Just think how many billions the FED is making from it's printed money and that's a private bank so the money is going to the 1%.
Imagine the profits that are going to be made when interest rates eventually rise on all the printed loans still outstanding.
Globaly, over time, trillions of dollars are going to be paid in interest on printed money.

Mike, Being slightly

Being slightly pedantic, I'm very confident the FED is government owned, so the interest they earn benefits the government. If they have loaned the money to themselves, then it is interest saved.
Whether you like QE or not, it has also saved the British taxpayer huge amounts of interest on its fiscal deficit; apart from the free capital it has also created for them, while causing modest still less than 5% inflation.

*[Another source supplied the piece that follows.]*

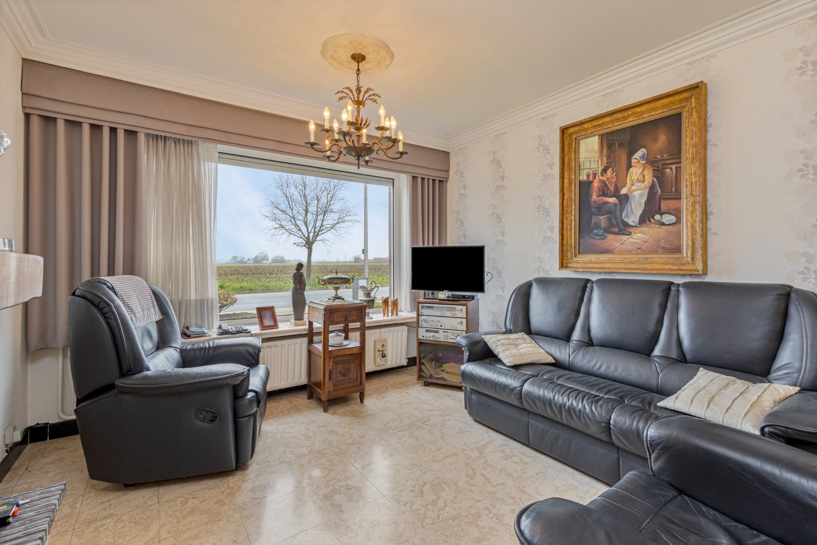 We parkeren de wagen op de oprit en komen de woning binnen in de hal met apart toilet om verder te gaan naar de living. Deze is zeer lichtrijk. Van hieruit hebben we een zicht op de weides langs de voorkant. Langs de achterzijde hebben we de veranda met zicht op de tuin.

Crikey Bernard, you are being

Crikey Bernard, you are being exciteable today.
The way monetary policy is supposed to work is that the wage inflation rate goes up, which causes the interest rate to go up, which causes the exchange rate to go up, which causes the unemployment rate to go up, which causes the wage inflation rate to go down, which causes the interest rate to go down, which causes the exchange rate to go down, which causes the unemployment rate to go down, which causes the wage inflation to go up..... and so on forever in an endless loop. That's my understanding of the theory anyway. Confusion is caused by all parties by using consumer price inflation as a politically correct stand in for wage inflation.
Is it a callous policy? Yes. Does it encourage asset price boom and busts? Yes. Does it favour those who have first use of borrowed money when it becomes available? Yes. It does seem to encourage a lot of waste of human potential.
What I'm not sure about is what New Zealand can do about it, other than to "soften the hard edges of the resssion" to quote Bill English. A housing crash would cause a lot of suffering, as does losing jobs. Tiwai and Solid Energy are just casualties of the global over capacity of their industries, lowering the NZD will not change that.
Some policies are a good idea in my mind, but they are ones that set up NZ for the future rather than try to delay changes that are inevitable. So changes that allow adaptability so we can get new mines up and running early in the boom rather than at the end. Lowering the corporate tax rate to get corporates to move jobs here from Aussie. Buying gold at a steady rate when the dollar is high in order to have gold reserves if we ever need to buy missiles that can take out aircraft carriers. These are sensible to me. Reducing the amount of debt in the economy is highly desirable but is hard.

Interesting point,

Interesting point, "tradionally" most economists who talk "sense" talk about core inflation and not cpi.  This of course is history, we have now gone past peak oil so we have seen that there is no wage inflation even though goods want to inflate. An interesting problem for vendors, they want to chargemore but mostly cannot.
If however you look at even CPI at 0.9% and then look at rates, my rates are up 6% year on year....power a few, dunnot but it must be 1 or 2 %....this means that some sectors must be deflating to compensate...hence the un-employment figures, shock, no expected.
Mines, no thats a one time resource use besides which you jsut said more mines? makes no sense IMHO. 
Cut the tax rate, no, no advantage, most of our big companies are foreign owned thats more money leaving.  Gold we dont need its of no use.  We have food, anyone who has oil will "swap" for food.....and its renewable.
Private debt is the huge worry....because its expected the tax payer picks that all funnels through the banks and we teh tax payer will have to prop them up....

While I agree there are

While I agree there are elements of our economy that are laissez faire, entrenched entities like councils, govt and banks are anything but. Unfortunately we kind of have the worst of all worlds at the moment.